Israel kills hundreds of Palestinians in Gaza after ICJ ruling

Palestinians carry bags of flour after 10 trucks loaded with the food staple arrived in Gaza City on 28 January.

APA images

Several hundred Palestinians have been killed in Gaza since the International Court of Justice issued provisional measures ordering Israel to stop violations of the 1948 Genocide Convention.

Such genocidal acts include killing and causing serious bodily or mental harm to Palestinians in the territory, according to the court order, which Israel has rejected.

The Euro-Med Human Rights Monitor said that the Israeli army killed 373 Palestinians, 345 of them civilians, in the 48 hours following the World Court’s much-anticipated interim ruling on Friday.

The Palestinian health ministry in Gaza reported that 114 Palestinians were killed between the afternoons of 29 and 30 January, bringing the number of known fatalities in the territory since 7 October to more than 26,750.

Forty-five Palestinians were reported killed in two separate strikes on residential buildings in Gaza City on Monday, according to the UN Office for the Coordination of Humanitarian Affairs.

Also on Monday, Israel ordered the evacuation of several neighborhoods in western Gaza City, where tens of thousands of people remain.

In its interim ruling last week, the International Court of Justice demanded that Israel “take immediate and effective measures to enable the provision of urgently needed basic services and humanitarian assistance.”

Such measures have not been implemented in Gaza.

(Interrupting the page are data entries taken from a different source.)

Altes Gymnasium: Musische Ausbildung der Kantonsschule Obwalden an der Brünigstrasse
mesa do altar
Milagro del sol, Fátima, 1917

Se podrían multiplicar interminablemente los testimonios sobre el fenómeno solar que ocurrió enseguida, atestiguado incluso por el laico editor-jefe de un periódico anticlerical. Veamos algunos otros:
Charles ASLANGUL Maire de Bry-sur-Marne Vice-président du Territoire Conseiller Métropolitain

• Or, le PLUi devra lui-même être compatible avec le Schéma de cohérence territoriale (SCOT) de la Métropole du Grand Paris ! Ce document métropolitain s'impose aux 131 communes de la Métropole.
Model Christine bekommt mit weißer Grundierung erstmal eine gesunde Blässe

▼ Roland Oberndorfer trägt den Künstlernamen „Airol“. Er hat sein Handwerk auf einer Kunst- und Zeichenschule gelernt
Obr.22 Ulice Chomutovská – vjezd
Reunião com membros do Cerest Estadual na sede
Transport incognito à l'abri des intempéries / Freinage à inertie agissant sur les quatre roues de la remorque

Instead, Israel’s allies announced they were freezing their financial support of UNRWA, the main provider of humanitarian assistance in the territory.

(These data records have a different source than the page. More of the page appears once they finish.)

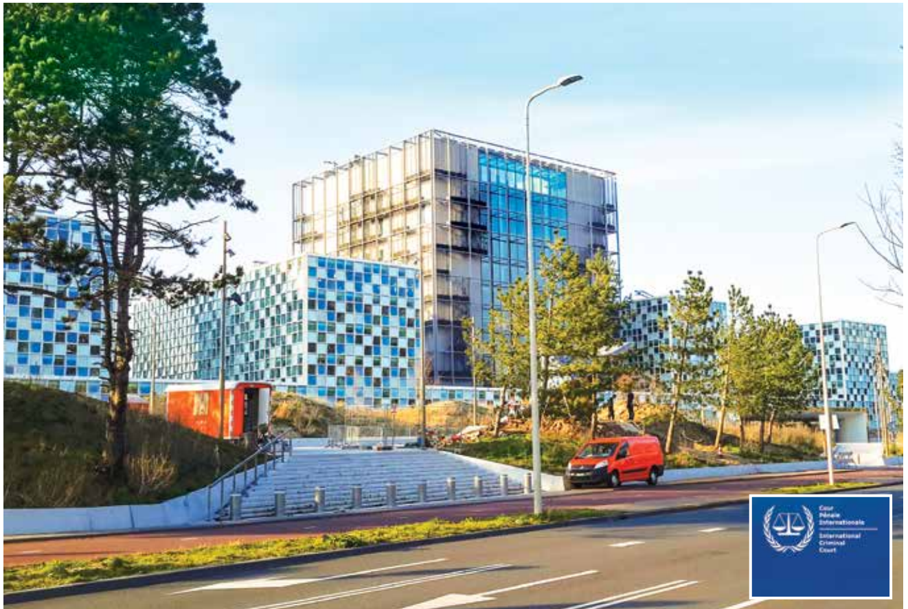
בית הדין הפלילי הבינלאומי בהאג. יש חשיבות לפעול כבר כעת להמחשת מחויבותה של ישראל לפעול בהתאם להוראות דיני המלחמה, על אף האתגרים שמציאות זו צפויה לעורר בהקשרים הנוגעים ליישום הכללים.

ללוחמת סב"ר, לפעילות צבאית בחלל ולשימוש בטכנולוגיות חדשות כמו כלי נשק אוטונומיים ובינה מלאכותית. מלחמת רוסיה-אוקראינה צפויה להיות זרו לתהליכים בזירה הבינלאומית, במסגרתם נעשים כבר כיום ניסיונות לפרש את הוראות דיני המלחמה באופן המשנה את נקודת האיזון בין האינטרס של המדינות לשמר את חופש הפעולה המבצעי שלהן ובין הרצון לשפר את ההגנה הניתנת לאזרחים מפני תוצאותיה של הלחימה. לישראל, מדינה הנמצאת בחזית הלחימה ומתמודדת עם אתגרים מורכבים (פעמים רבות לראשונה בעולם), בהקשרים לעיתים ייחודיים, 30 יש ניסיון ייחודי בפירוש כללי הדין הבינלאומי ובהתאמתם למציאות המורכבת, שחשוב לשתף בו אחרים. 31 כפועל יוצא, היכולת שלנו להשפיע על השיח הבינלאומי בתחום רבה. 32 האתגרים הצפויים ללחימה בעתיד כפועל יוצא מהתפתחויות אלה מהותיים יותר לישראל מאשר לרוב מדינות העולם המערבי (בפרט בהיבטים הנוגעים ללחימה אורבנית נגד ארגוני טרור הפועלים מקרב האוכלוסייה האזרחית), ועל כן יש לנו אינטרס מובהק לקדם שיח מקצועי בעניין עם מומחים ומדינות שונות כדי להשפיע על ההתפתחויות בתחום. אחד האתגרים המרכזיים בהקשר זה נעוץ במתח שבין הרצון לקדם יוזמות שיחזקו את ההגנה הניתנת לאזרחים במלחמה (כחלק ממדינות העולם המערבי ובתגובה לאופן שבו מתנהלת הלחימה
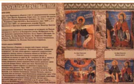
Изображения на Светеца Крал Тривелий в средновековни български църкви
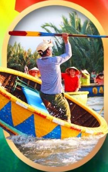
ล่องเรือกระดังง์
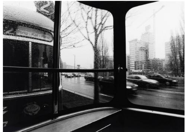
08_ Reinhard Mandl, Am Franz-Josefs-Kai , 2000 © Wien Museum
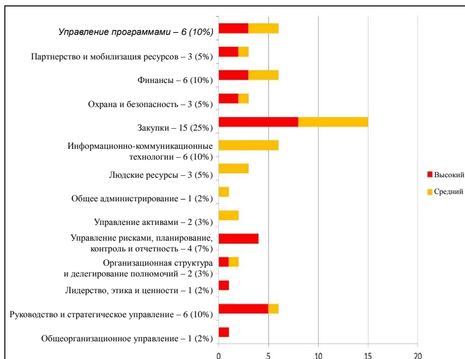
Диаграмма II. Распределение и приоритетный уровень рекомендаций a

a Общее число рекомендаций составляет 59.
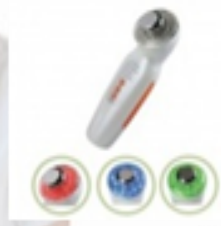
Ultrasonido Portátil. 3 Mhz
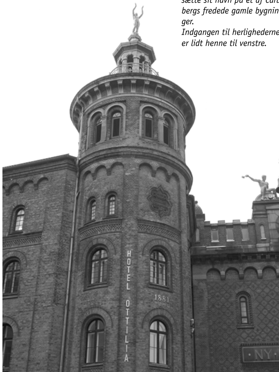
Hotel Ottilia har fået lov at sætte sit navn på et af Carlsbergs fredede gamle bygninger. Indgangen til herlighederne er lidt henne til venstre.

te spøjse rum ved ho- ts foyer og bar på før- al kan hver tors- fra 16-18 få gratis oplevelser. t torsdag spillede og Kira Skov.

A UN spokesperson said that the effects of those cuts will be felt within weeks, adding that the world body had not received any written reports directly from Israel concerning the allegations that 12 UNRWA employees participated in the 7 October attacks led by Hamas.

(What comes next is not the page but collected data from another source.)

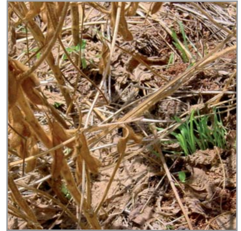
Avoine semée en dérobé dans le soja
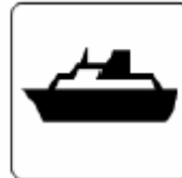
船舶／フェリー／港 Ship / Ferry / Port 선박 / 페리 / 항구 船舶 / 渡口 / 港
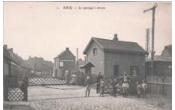
Passage à niveau de la rue Marceau (actuelle rue Gaston Baratte)

Le convoi allemand arrive à Ascq à 22h44 à petite vitesse. Une explosion se produit au passage de la locomotive. La machine s'immobilise face à la cabine d'aiguillage près du passage à niveau de la rue principale du village (actuelle rue Gaston Baratte). Trois wagons chargés de véhicules légers sont sortis des rails. Les dégâts sont minimes, mais le convoi est bloqué.

The heads of several UN agencies and international humanitarian organizations appealed for the restoration of funding to UNRWA on Tuesday.

“Withdrawing funds from UNRWA is perilous and would result in the collapse of the humanitarian system in Gaza,” they warned, “with far-reaching humanitarian and human rights consequences in the occupied Palestinian territory and across the region.”

Nasser Medical Complex in peril

Tedros Adhanom Ghebreyesus, head of the World Health Organization, said on Tuesday that the agency had delivered essential medical supplies to Nasser Medical Complex in Khan Younis after being cut off amid heavy fighting.

“A food shipment intended for the hospital was mobbed on Tuesday by hungry crowds due to delays near an Israeli checkpoint and never reached the facility,” Reuters reported.

“The hospital is sheltering thousands of displaced people as well as medics and patients,” according to Reuters.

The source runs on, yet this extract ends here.